Originally the material was used in the show, Dawn French is a Huge Twat and so the audio version of The Twat Files is a rewarding way to experience the book.  Read by French, it is fun to hear her relate these tales against herself, with little squeaks and giggles at her own silliness.  There is plenty of name-dropping, but she is a celebrity after all and it is much more fun to hear about her girly crushes, and gushes, when they focus on men like Dustin Hoffman, Phil Daniels and Johnny Depp. 

French relates the awful things that she has said, but the sections which make for uneasy reading are those in which, as a self-confessed fat girl with bosoms which lag behind her when she is in motion, she laughs at her own physicality.  The Vicar of Dibley puddle joke is an example of ‘twattishness’, a classic which has been re-produced in many clips and Gifs as French, playing Geraldine, jumps into deep muddy water and then turns, gurning at the camera.

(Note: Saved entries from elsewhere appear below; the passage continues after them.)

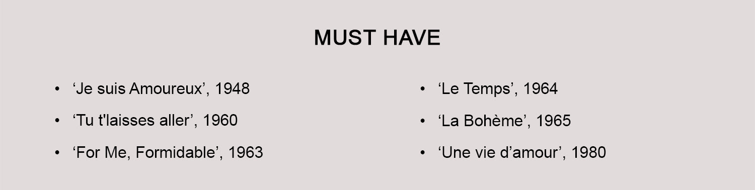 В 1963 году Азнавур пишет композицию «For me… formidable», а год спустя – «Le temps», которая позже станет саундтреком к фильму «Квартира» 1996 года с Моникой Белуччи и Венсаном Касселем – считается, что именно эта картина принесла французско-итальянской певице известность.
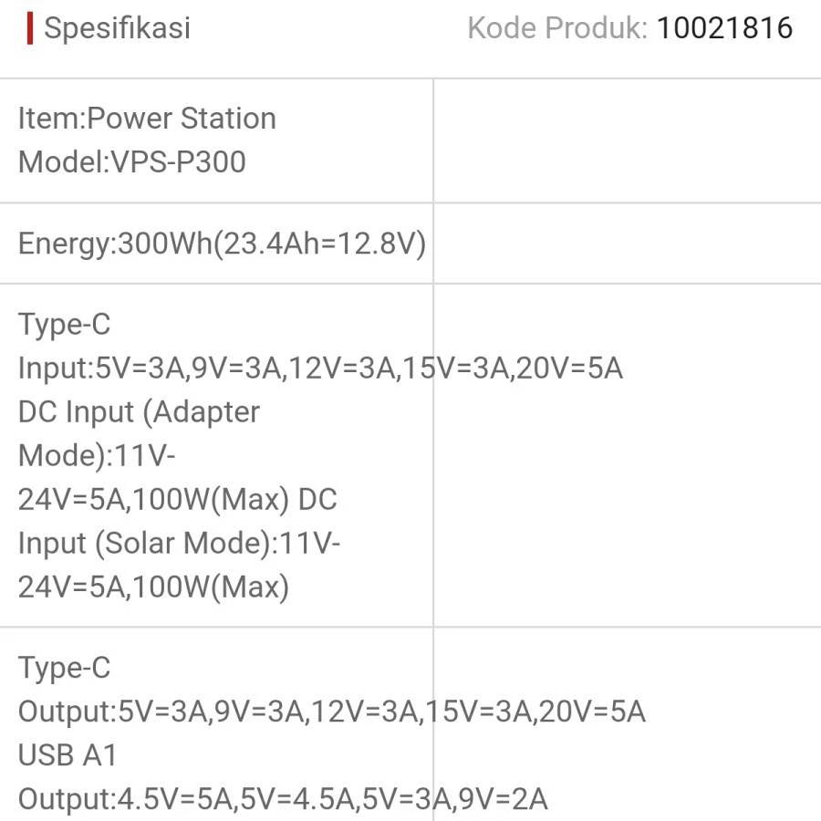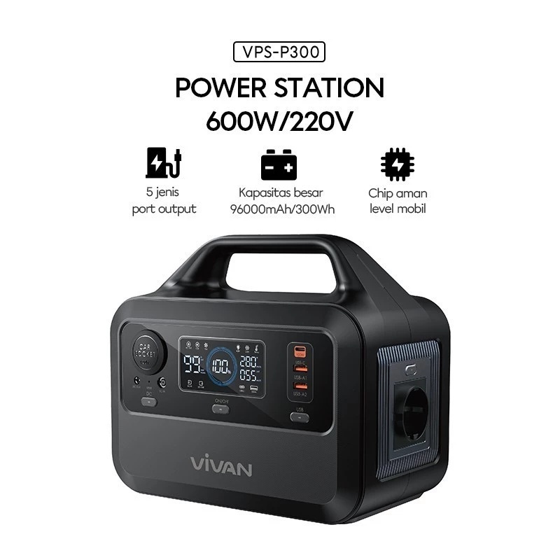 Vivan Power Bank Power Station Vps-P300 Powerbank 96.000Mah Storage Power Supplay Daya Listrik 220V/300W 5 Output Garans
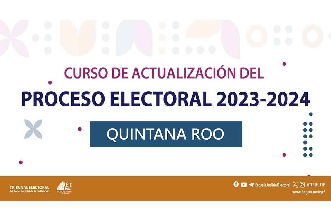 Chetumal, Quintana Roo a 17 de noviembre de 2023.- El Tribunal Electoral de Quintana Roo (TEQROO), el Instituto Electoral de Quintana Roo (IEQROO) y representantes de los partidos políticos de Quintana Roo concluyeron el curso virtual “Actualización del Proceso Electoral 2023-2024”, impartido por la Escuela Judicial Electoral (EJE) del Tribunal Electoral del Poder Judicial de la Federación (TEPJF) en coordinación con la Unidad de Capacitación e Investigación de este órgano electoral.

Many laughs stem from another person’s discomfort and only a hair’s breadth separates what is hilariously funny from what is deeply painful. French tends to avoid the elephant in the room just as she does with the definition of ‘twat’. Fat shaming yourself is no less reprehensible than doing it to another. But French’s mantra is that laughing at yourself is healthy and she hopes that The Twat Files demonstrates how to do this, and also makes her lots of money.

works cited

French, D. The Twat Files. Penguin. 2023.

Dawn French is a Huge Twat. Theatre. Dir. David Grandage. 2022.